Location
- Bartow, Polk County, Florida 33830 United States
- Coordinates: 27°53′36″N 81°49′17″W﻿ / ﻿27.8932°N 81.8214°W

Information
- Type: Public
- Established: c. 1897
- Closed: 1969 (Original)
- School district: Polk County Public Schools
- Communities served: Bartow, Florida
- Website: https://unionacademy.polkschoolsfl.com/

= Union Academy (Bartow, Florida) =

Public school in Florida, United States

Union Academy is a magnet middle school in Bartow, Florida. It dates to 1897 when it opened as an elementary school for African Americans. It was expanded to include a high school in 1923. The high school was merged into Summerlin Institute in 1969 following the desegregation era and its students became part of Bartow High School on the Summerlin campus. Union Academy became a Middle School.

Union Academy has a dress code and follows the International Baccelaureate (I.B.) program. It is at 1795 East Wabash Street.

==History==
Union Academy was founded for the education of African Americans and named for the Union Academy, the fourth school founded in Florida for African Americans by the Freedmens Bureau in Gainesville. A.N. Ritchie was the school's first principal. The school was underfunded and only went to the 8th grade.

A secondary education program added in 1923 to make it a high school. The old school was demolished and a new high school built on East Wabash Street in 1929. James E. Stephens became a teacher at the school in 1937 and became principal the following year, a position he kept for more than three decades.

Desegregation of the schools was a multi-year process. In 1965, Polk County adopted a plan that allowed students some choice of where to attend. While no white students chose to attend formerly negro schools, many black students used this opportunity to attend previously all-white schools. 55 Union academy students chose to attend Mulberry, and 22 chose to go to Bartow Senior High.

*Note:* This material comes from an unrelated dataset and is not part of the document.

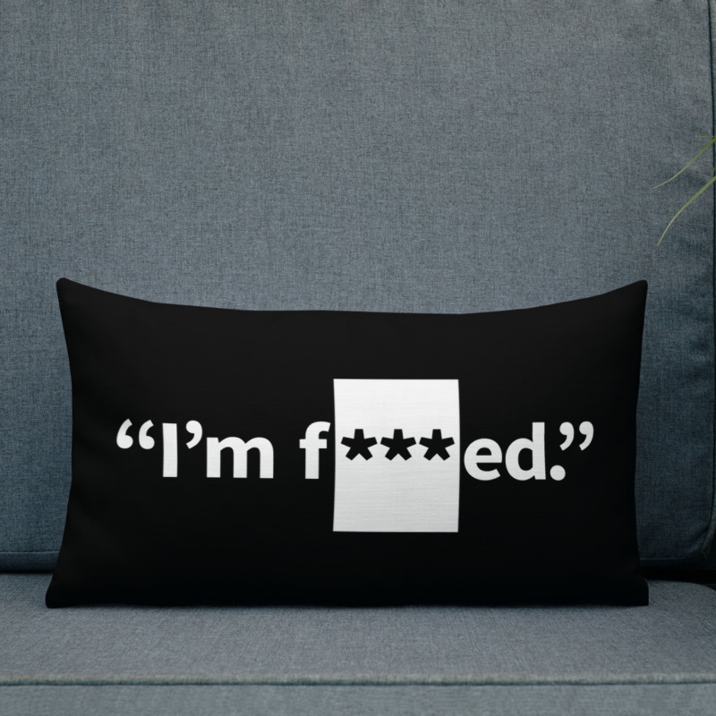 "I'm f***ed." pillow by MuellerRedacted.com.

Union Academy merged with Summerlin Academy in 1969 and its students joined the white students on the Summerlin campus at what became known as Bartow High School. Ninth graders from both Summerlin and Union were moved to Bartow Jr. High while all 10-12 grade students were sent to Bartow Senior High School. The Union Academy campus became a middle school. In 1991 it was proposed that Union become an elementary school, but after complaints from the black community, it was instead decided to make it a magnet middle school. Bartow Middle School became the only middle school, and Union became a magnet in the fall of 1992.

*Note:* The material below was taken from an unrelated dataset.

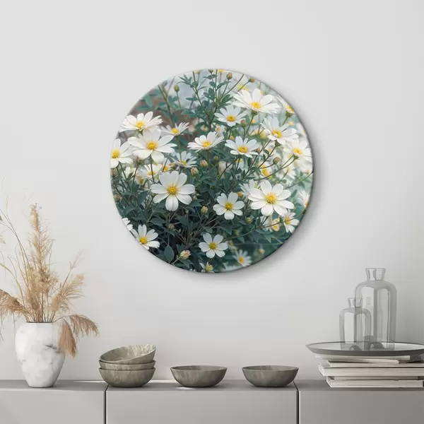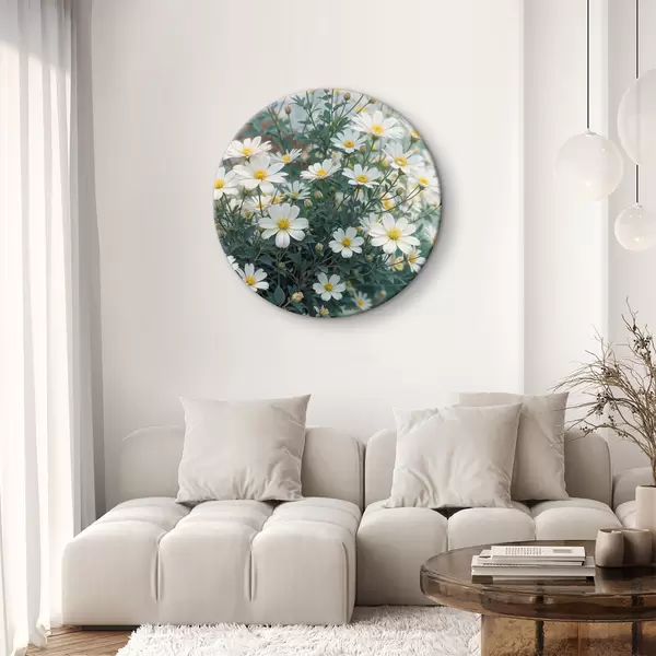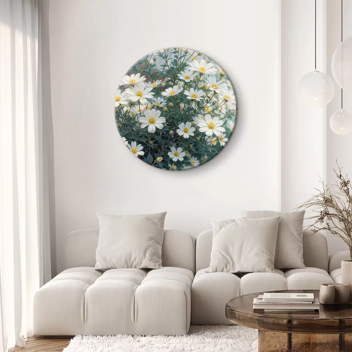 Tableaux ronds Un champ de fleurs de marguerites blanches avec un feuillage vert, sur un fond flou r40413

In 2010 the I.B. program was adopted.

==Athletics==
Union Academy's teams were known as the Tigers. In 1957, coached by Forrest McKennie, Union won the FIAA basketball state championship with a 23-0 record. McKennie also coached Union to state championships in football in 1954, 1958, 1960, and 1963, including a perfect record in 1954. McKennie was inducted into the Polk County Sports Hall of Fame in 2019. The school also won the FIAA track title in 1967 and the FHSAA class B state championship in 1969.

Several graduates went on to star at FAMU and several played in the NFL.

==Notable people==
- Andrew McCutchen, American baseball player for the Pittsburgh Pirates of Major League Baseball
- Jim Battle, American football player for the Minnesota Vikings and Arizona Cardinals of the NFL
- Herbert Dixon, golfer, member of African American Golfers Hall of Fame as well as the National Black Golf Hall of Fame
- Leroy Hardee, running back drafted by the Green Bay Packers from FAMU
- Major Hazelton, American NFL football player and cornerback who set FAMU's single season record for interceptions with 17 despite being known as an aggressive.run stopped who played like a linebacker
- Nat James, American NFL football player
- Alton Lavan, American football player
- Ken Riley, American football cornerback for the Cincinnati Bengals.
- Sam Silas, American football player for the Arizona Cardinals, New York Giants, and San Francisco 49ers.
- Jerry Simmons, American football player for the Pittsburgh Steelers, Chicago Bears, and several other NFL teams.